Hi all,
I have a problem with the SparseCategoricalCrossEntropy loss function and need a good idea to overcome this.
For an input example, the output of my model is a matrix, say of shape 2x3, each row is a probability vector obtained by the softmax layer
z =
z11 z12 z13
z21 z22 z23
The target is a vector of length 2 contain two integer indices representing the collect class label (in the range 0,1,2)
y=
y1
y2
Since targets are indices, I use the SparseCategoricalCrossEntropy loss. It computes correctly if being used independently:
loss.forward(z, y)
However, when we have the mini-batch dimension, say a batch size of 16, then each input to the loss is a 3-d tensor Z of shape 16x2x3, and each target Y is of shape 16x2. Then the loss function fails to compute:
loss.forward(Z, Y). It raises the error:
===
Caused by: java.lang.IllegalArgumentException: ClassNLLCriterion:
The input to the layer needs to be a vector(or a mini-batch of vectors);
===
I understand that this is because the current ClassNLLCriterion does not support 3-d input (including the batch dimension).

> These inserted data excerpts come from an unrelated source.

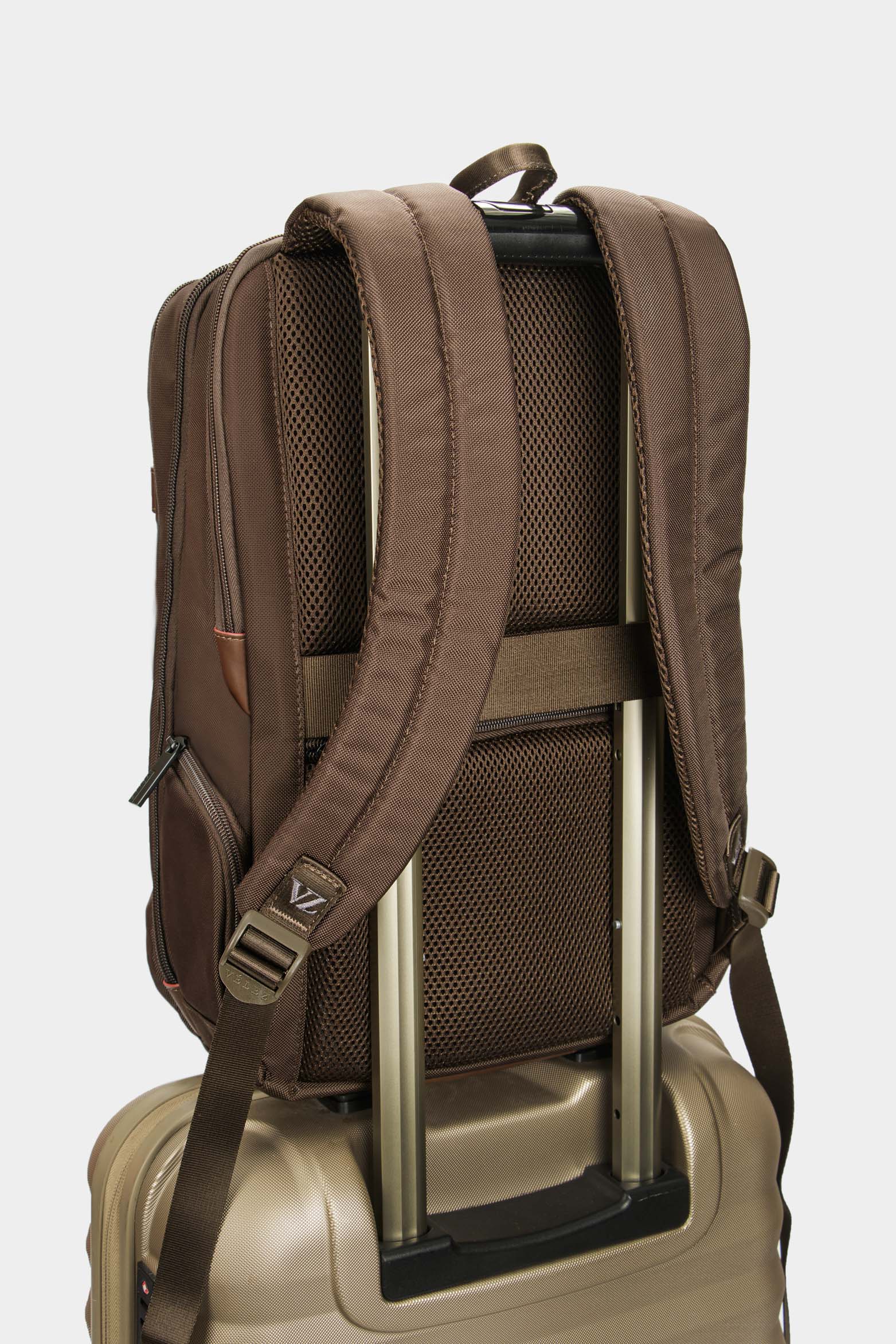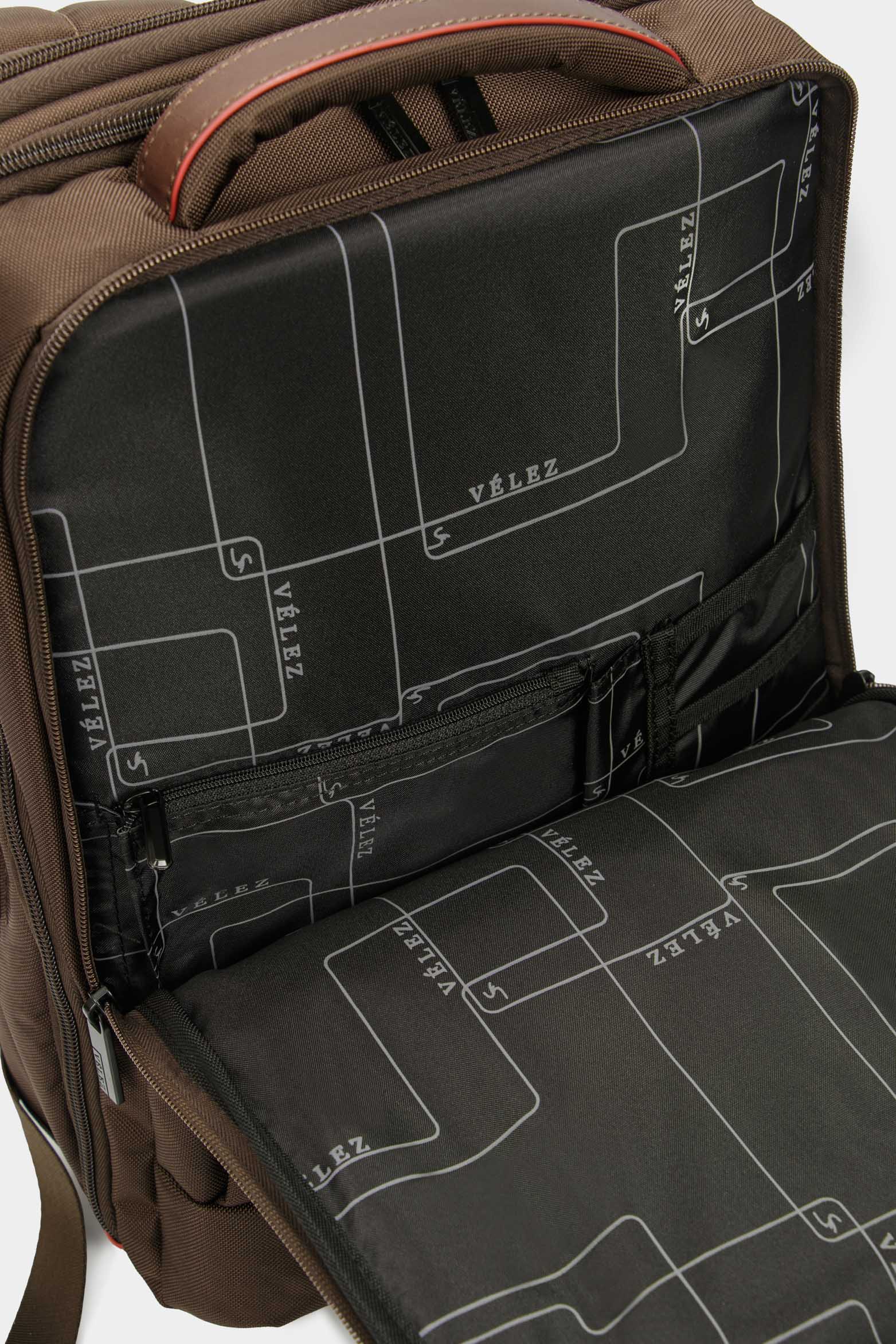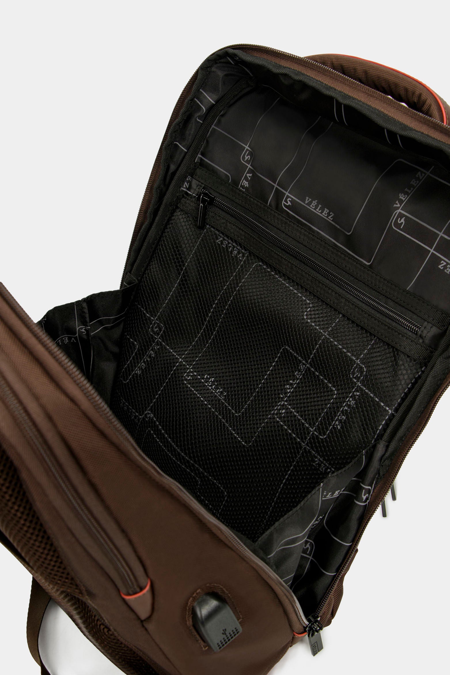 Men’s Kler nylon backpack with a minimalist travel design featuring ergonomic, padded, adjustable and anatomical straps; back trolley strap for attaching to a suitcase; 14” interior PC and tablet compartment; port with USB connection (battery not included); concealed back pocket; quick-access side pocket; three main compartments; color contrast linings and handle with leather insert; product features the Vélez signature quality seal. Ideal for everyday wear.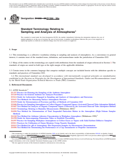 SCOPE 1.1 This terminology is a collective vocabulary relating to sampling and analysis of atmospheres. As a convenience to general interest, it contains most of the standard terms, definitions, and nomenclature under the jurisdiction of Committee D22. 1.2 Many of the entries in this terminology are copied (with attribution) from the standards of origin referenced in Section 2. The standards of origin are noted in bold type at the right margin of the applicable definition. 1.3 Certain terms in the common language that comprise multiple concepts are included herein with the definition specific to standards and practices of Committee D22. 1.4 This international standard was developed in accordance with internationally recognized principles on standardization established in the Decision on Principles for the Development of International Standards, Guides and Recommendations issued by the World Trade Organization Technical Barriers to Trade (TBT) Committee.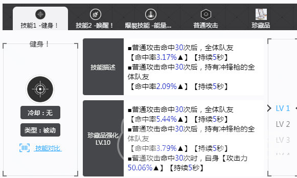 健身是被动技能,一旦普攻命中在达到30次之后就可以有效提升全体队友3.17%的命中率,并且还会持续5秒的时间。这一个技能在面对闪避率比较高的敌人时,就可以有效增加团队的输出能力。唤醒是第2个被动技能,在全爆裂时间开始时就会触发。在持续10秒的时间内就可以有效提升全体队友19.49%的暴击伤害。

But I have not found any possible way to overcome this. A Reshape layer to change z to one dimension cannot work because we need independent probability distributions. We cannot change the batch dimension.
A SplitTensor to split z into two vectors will make the output a Table which is not compatible with the target y, so the loss fails to compute.
Can anyone suggest a way to solve this problem?
Thank you very much,
Phuong